Segment Open

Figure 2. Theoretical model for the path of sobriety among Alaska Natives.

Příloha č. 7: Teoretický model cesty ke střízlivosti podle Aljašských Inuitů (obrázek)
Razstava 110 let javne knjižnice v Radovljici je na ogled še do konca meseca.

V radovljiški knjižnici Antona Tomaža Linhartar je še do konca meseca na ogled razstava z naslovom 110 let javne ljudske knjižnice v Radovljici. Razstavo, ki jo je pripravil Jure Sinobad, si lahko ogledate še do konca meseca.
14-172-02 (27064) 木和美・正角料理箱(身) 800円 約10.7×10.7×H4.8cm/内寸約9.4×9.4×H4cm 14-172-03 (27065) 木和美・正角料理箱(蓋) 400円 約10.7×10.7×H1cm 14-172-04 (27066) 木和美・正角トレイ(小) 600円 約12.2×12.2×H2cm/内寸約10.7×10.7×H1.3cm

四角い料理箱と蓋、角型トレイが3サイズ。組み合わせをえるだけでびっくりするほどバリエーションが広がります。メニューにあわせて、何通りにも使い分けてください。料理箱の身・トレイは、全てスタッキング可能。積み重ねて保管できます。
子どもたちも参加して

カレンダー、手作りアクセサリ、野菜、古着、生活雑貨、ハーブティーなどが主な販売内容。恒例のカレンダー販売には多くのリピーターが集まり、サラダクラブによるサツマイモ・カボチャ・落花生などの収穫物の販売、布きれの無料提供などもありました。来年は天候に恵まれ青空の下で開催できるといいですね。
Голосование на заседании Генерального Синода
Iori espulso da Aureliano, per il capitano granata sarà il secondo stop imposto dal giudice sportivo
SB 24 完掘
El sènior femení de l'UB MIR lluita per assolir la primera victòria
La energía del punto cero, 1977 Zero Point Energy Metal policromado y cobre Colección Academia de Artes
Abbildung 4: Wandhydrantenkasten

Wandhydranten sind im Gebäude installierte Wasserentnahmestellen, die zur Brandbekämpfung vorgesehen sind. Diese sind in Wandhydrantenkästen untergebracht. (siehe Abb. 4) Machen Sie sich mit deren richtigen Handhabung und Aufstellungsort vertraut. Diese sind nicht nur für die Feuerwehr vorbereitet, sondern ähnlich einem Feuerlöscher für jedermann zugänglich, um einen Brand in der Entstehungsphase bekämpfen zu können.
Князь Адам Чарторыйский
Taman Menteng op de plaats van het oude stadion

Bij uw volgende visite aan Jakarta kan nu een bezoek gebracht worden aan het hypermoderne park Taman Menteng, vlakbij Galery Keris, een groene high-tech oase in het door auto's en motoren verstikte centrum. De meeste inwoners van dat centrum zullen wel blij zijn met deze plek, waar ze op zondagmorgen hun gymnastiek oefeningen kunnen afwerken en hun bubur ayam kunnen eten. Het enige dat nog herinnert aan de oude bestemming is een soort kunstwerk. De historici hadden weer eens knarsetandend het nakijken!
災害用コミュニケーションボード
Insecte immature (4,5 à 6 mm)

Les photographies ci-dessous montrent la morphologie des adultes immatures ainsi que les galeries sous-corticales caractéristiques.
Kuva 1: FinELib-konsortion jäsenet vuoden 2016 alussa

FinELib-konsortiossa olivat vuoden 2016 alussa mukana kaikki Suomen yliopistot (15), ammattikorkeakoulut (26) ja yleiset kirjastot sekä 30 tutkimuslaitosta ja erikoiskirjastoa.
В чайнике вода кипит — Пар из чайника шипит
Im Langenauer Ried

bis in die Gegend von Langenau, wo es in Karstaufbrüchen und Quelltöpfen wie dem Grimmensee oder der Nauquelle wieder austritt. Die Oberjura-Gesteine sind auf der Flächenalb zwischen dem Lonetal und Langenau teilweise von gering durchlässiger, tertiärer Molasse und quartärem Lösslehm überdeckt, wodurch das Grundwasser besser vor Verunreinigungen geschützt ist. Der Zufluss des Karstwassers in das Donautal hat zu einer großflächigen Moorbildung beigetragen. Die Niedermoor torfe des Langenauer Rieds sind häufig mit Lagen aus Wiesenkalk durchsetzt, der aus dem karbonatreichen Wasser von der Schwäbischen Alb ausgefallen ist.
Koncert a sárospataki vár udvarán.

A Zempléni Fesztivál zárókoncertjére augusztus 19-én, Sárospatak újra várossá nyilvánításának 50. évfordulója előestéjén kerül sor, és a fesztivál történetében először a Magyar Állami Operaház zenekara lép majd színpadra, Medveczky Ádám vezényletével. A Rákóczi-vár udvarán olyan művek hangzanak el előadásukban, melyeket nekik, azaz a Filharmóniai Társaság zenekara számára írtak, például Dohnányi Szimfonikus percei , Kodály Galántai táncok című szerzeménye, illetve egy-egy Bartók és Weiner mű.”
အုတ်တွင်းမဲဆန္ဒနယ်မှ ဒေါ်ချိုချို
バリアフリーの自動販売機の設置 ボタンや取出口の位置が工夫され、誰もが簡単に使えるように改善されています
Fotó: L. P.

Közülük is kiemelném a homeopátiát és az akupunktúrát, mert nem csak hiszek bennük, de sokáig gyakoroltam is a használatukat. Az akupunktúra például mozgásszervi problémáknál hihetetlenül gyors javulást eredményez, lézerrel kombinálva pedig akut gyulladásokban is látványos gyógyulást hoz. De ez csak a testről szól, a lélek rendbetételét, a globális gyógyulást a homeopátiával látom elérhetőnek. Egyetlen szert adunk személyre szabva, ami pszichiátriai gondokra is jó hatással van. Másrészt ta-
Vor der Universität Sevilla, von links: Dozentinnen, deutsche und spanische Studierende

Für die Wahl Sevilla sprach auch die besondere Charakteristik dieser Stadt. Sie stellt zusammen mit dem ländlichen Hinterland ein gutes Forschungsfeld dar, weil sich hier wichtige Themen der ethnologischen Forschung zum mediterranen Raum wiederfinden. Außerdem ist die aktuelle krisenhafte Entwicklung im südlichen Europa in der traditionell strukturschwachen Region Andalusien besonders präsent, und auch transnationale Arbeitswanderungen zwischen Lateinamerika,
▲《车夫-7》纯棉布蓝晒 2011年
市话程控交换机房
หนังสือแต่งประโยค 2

Segment Closed

● TASK DESCRIPTION: Working from the data above, extract solely the lines from the one containing "FinELib-konsortiossa olivat vuoden" through the one containing "Koncert a sárospataki vár udvarán.", exactly as they appear, both included.

● SOLUTION TO THIS TASK:
FinELib-konsortiossa olivat vuoden 2016 alussa mukana kaikki Suomen yliopistot (15), ammattikorkeakoulut (26) ja yleiset kirjastot sekä 30 tutkimuslaitosta ja erikoiskirjastoa.
В чайнике вода кипит — Пар из чайника шипит
Im Langenauer Ried

bis in die Gegend von Langenau, wo es in Karstaufbrüchen und Quelltöpfen wie dem Grimmensee oder der Nauquelle wieder austritt. Die Oberjura-Gesteine sind auf der Flächenalb zwischen dem Lonetal und Langenau teilweise von gering durchlässiger, tertiärer Molasse und quartärem Lösslehm überdeckt, wodurch das Grundwasser besser vor Verunreinigungen geschützt ist. Der Zufluss des Karstwassers in das Donautal hat zu einer großflächigen Moorbildung beigetragen. Die Niedermoor torfe des Langenauer Rieds sind häufig mit Lagen aus Wiesenkalk durchsetzt, der aus dem karbonatreichen Wasser von der Schwäbischen Alb ausgefallen ist.
Koncert a sárospataki vár udvarán.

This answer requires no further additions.